CHARLES TOWN – Opponents of the Rockwool manufacturing plant failed this week to convince a court that a 2017 tax relief agreement entered into between the company and several area jurisdictions and officials violated the state constitution.

In a 10-page order, Jefferson County Circuit Judge David Hammer dismissed a complaint by nonprofit group Jefferson County Vision that sought to undo a Payment In Lieu of Taxes, or PILOT, agreement between the Denmark-headquartered mineral wool manufacturer and the Jefferson County Commission, the county board of education, the sheriff, assessor and the city of Ranson. The agreement grants Rockwool millions of dollars in tax relief for 10 years as it constructs and puts online a $150 million factory on the outskirts of Ranson, near Kearneysville.

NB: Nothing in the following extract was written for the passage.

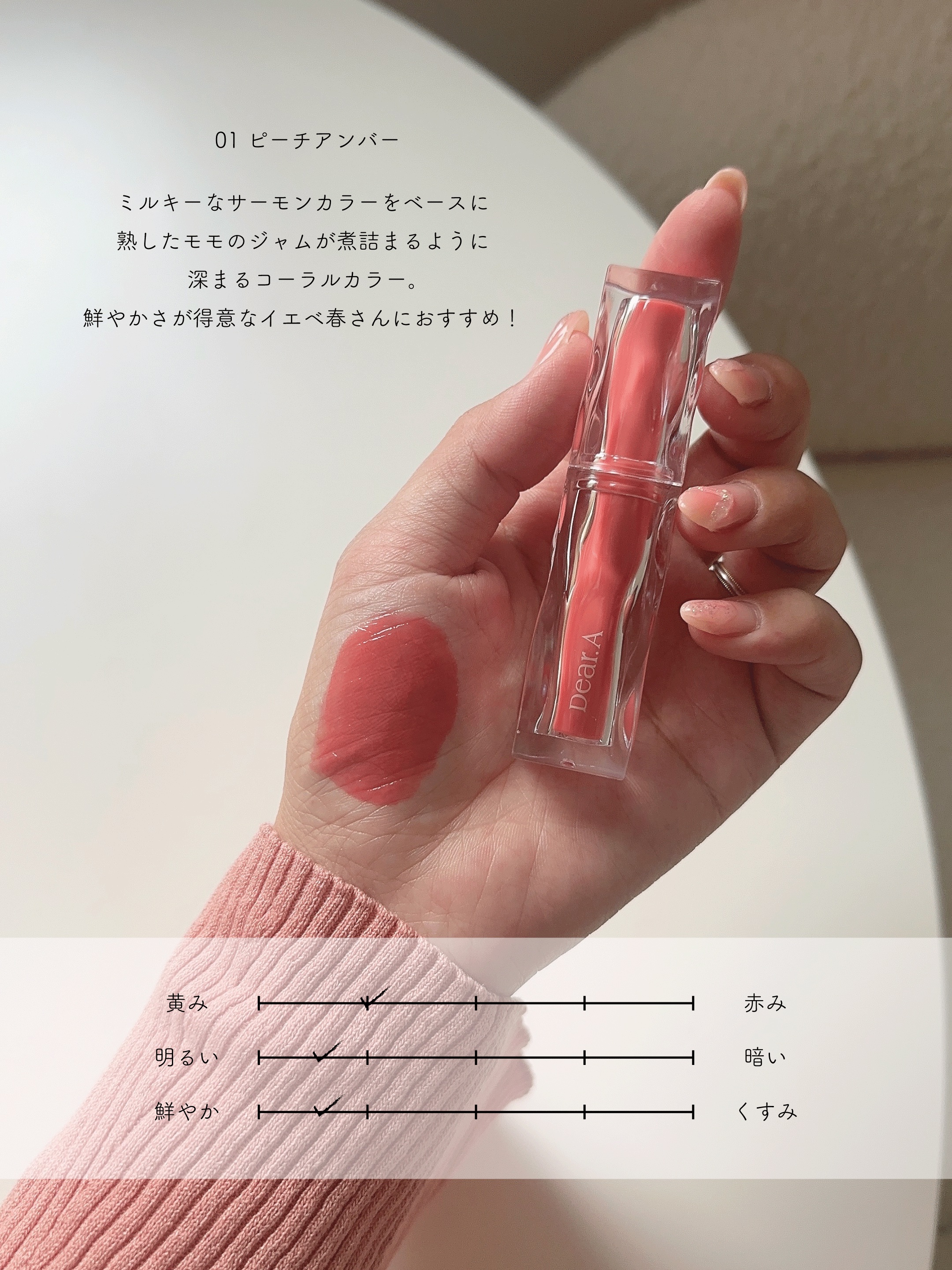 - <01. ピーチアンバー> 水、リンゴ酸ジイソステアリル、ビスジグリセリルポリアシルアジペート-2、ジフェニルシロキシフェニルトリメチコン、ジフェニルジメチコン、水添ポリイソブテン、BG、グリセリン、1,2-ヘキサンジオール、セテアレス-20、セテアリルアルコール、セチルPEG/PPG-10/1ジメチコン、(アクリル酸ヒドロキシエチル/アクリロイルジメチルタウリンNa)コポリマー、ポリソルベート60、フェノキシエタノール、スクワラン、香料、エチルヘキシルグリセリン、EDTA-2Na、イソステアリン酸ソルビタン、水酸化Al、ポリアクリル酸アンモニウム、ホホバ種子油、月見草油、アボカド油、モモ果実エキス、ステアリン酸Na、クエン酸、テトラ(ジ-t-ブチルヒドロキシヒドロケイヒ酸)ペンタエリスリチル、クダモノトケイソウ果実エキス、ヤエヤマアオキ果実エキス、ミルシアリアデュビア果実エキス、アンマロク果実エキス、ヒポファエラムノイデス果実エキス、テルミナリアフェルジナンジアナ果実エキス、酸化チタン、黄5、赤227、赤104(1)、黄4、青1 <02.アプリコットサイダー> 水、リンゴ酸ジイソステアリル、ビスジグリセリルポリアシルアジペート-2、ジフェニルシロキシフェニルトリメチコン、水添ポリイソブテン、ジフェニルジメチコン、BG、グリセリン、1,2-ヘキサンジオール、セテアレス-20、セテアリルアルコール、セチルPEG/PPG-10/1ジメチコン、(アクリル酸ヒドロキシエチル/アクリロイルジメチルタウリンNa)コポリマー、ポリソルベート60、フェノキシエタノール、スクワラン、香料、エチルヘキシルグリセリン、EDTA-2Na、イソステアリン酸ソルビタン、アボカド油、ホホバ種子油、月見草油、モモ果実エキス、ステアリン酸Na、クエン酸、テトラ(ジ-t-ブチルヒドロキシヒドロケイヒ酸)ペンタエリスリチル、アンマロク果実エキス、クダモノトケイソウ果実エキス、ヒポファエラムノイデス果実エキス、テルミナリアフェルジナンジアナ果実エキス、ヤエヤマアオキ果実エキス、ミルシアリアデュビア果実エキス、酸化チタン、黄5、赤227、赤104(1)、青1 <03.モロッコホリデーズ> 水、リンゴ酸ジイソステアリル、ビスジグリセリルポリアシルアジペート-2、ジフェニルシロキシフェニルトリメチコン、ジフェニルジメチコン、水添ポリイソブテン、BG、グリセリン、1,2-ヘキサンジオール、セテアレス-20、セテアリルアルコール、セチルPEG/PPG-10/1ジメチコン、(アクリル酸ヒドロキシエチル/アクリロイルジメチルタウリンNa)コポリマー、ポリソルベート60、フェノキシエタノール、スクワラン、香料、エチルヘキシルグリセリン、EDTA-2Na、イソステアリン酸ソルビタン、水酸化Al、ポリアクリル酸アンモニウム、ホホバ種子油、月見草油、アボカド油、モモ果実エキス、ステアリン酸Na、クエン酸、テトラ(ジ-t-ブチルヒドロキシヒドロケイヒ酸)ペンタエリスリチル、クダモノトケイソウ果実エキス、ヤエヤマアオキ果実エキス、ミルシアリアデュビア果実エキス、アンマロク果実エキス、ヒポファエラムノイデス果実エキス、テルミナリアフェルジナンジアナ果実エキス、酸化チタン、黄5、赤227、赤104(1)、青1、黄4 <04. リトルモーブ> 水、リンゴ酸ジイソステアリル、ビスジグリセリルポリアシルアジペート-2、ジフェニルシロキシフェニルトリメチコン、ジフェニルジメチコン、水添ポリイソブテン、BG、グリセリン、1,2-ヘキサンジオール、セテアレス-20、セテアリルアルコール、セチルPEG/PPG-10/1ジメチコン、(アクリル酸ヒドロキシエチル/アクリロイルジメチルタウリンNa)コポリマー、ポリソルベート60、フェノキシエタノール、スクワラン、香料、エチルヘキシルグリセリン、EDTA-2Na、イソステアリン酸ソルビタン、水酸化Al、ポリアクリル酸アンモニウム、ホホバ種子油、月見草油、アボカド油、モモ果実エキス、ステアリン酸Na、クエン酸、テトラ(ジ-t-ブチルヒドロキシヒドロケイヒ酸)ペンタエリスリチル、クダモノトケイソウ果実エキス、ヤエヤマアオキ果実エキス、ミルシアリアデュビア果実エキス、アンマロク果実エキス、ヒポファエラムノイデス果実エキス、テルミナリアフェルジナンジアナ果実エキス、酸化チタン、赤227、赤104(1)、黄5、黄4、青1 <05.ローズティー> 水、リンゴ酸ジイソステアリル、ビスジグリセリルポリアシルアジペート-2、ジフェニルシロキシフェニルトリメチコン、ジフェニルジメチコン、水添ポリイソブテン、BG、グリセリン、1,2-ヘキサンジオール、セテアレス-20、セテアリルアルコール、セチルPEG/PPG-10/1ジメチコン、(アクリル酸ヒドロキシエチル/アクリロイルジメチルタウリンNa)コポリマー、ポリソルベート60、フェノキシエタノール、スクワラン、香料、エチルヘキシルグリセリン、EDTA-2Na、イソステアリン酸ソルビタン、水酸化Al、ポリアクリル酸アンモニウム、ホホバ種子油、月見草油、アボカド油、モモ果実エキス、ステアリン酸Na、クエン酸、テトラ(ジ-t-ブチルヒドロキシヒドロケイヒ

Hammer’s ruling, which was issued Thursday, noted the “broad, discretionary powers” the West Virginia Constitution and the state Legislature provide area economic development authorities.

The PILOT would let Rockwool pay just over $2 million in real estate taxes through 2029, and avoid paying personal property taxes on equipment until 2017, when it  would pay an appraised “salvage value,” based on 5 percent of its book value in 2028 and 2029. Without the PILOT, the company would be taxed about $1 million annually in real estate taxes.

PILOT agreements are used by development authorities throughout West Virginia. The factory has been under construction since June 2018 and is expected to open in the fall of 2020.

As part of the agreement, the Jefferson County Development Authority would own the 194+ acres on which Rockwool's factory is being built and lease it back to the company, which would take ownership of the property after nine years. As a tax-exempt government agency, the JCDA would not owe taxes on the factory property.

In its complaint, JCV argued that state law requires fair and equal taxation, and cited Section 10.1 of the West Virginia Constitution, which reads that “taxation shall be equal and uniform throughout the state, and all property, both real and personal, shall be taxed in proportion to its value to be ascertained as directed by law.”

West Virginia University law professor Robert Bastress argued the case for JCV. Bastress and said the PILOT, by purposely using the development authority to shield Rockwool from paying taxes, illegally circumvents those constitutional requirements.

But Hammer did agree with JCV’s argument that the JCDA’s absence as a party to the PILOT agreement was a remarkable omission, and that the failure of the JCDA board of directors to sign off on it calls into question the “public purpose” that grants it the ability to exempt the project from taxation.

“Remarkably and despite purporting to bind the JCDA,” the judge wrote in his opinion, “the PILOT does not even contemplate obtaining the JCDA’s agreement … The only two essential parties to the PILOT are Rockwool and the JCDA. Absent the JCDA’s assent evidenced by a vote of its board, the PILOT is not an enforceable agreement — it is merely a proposal.”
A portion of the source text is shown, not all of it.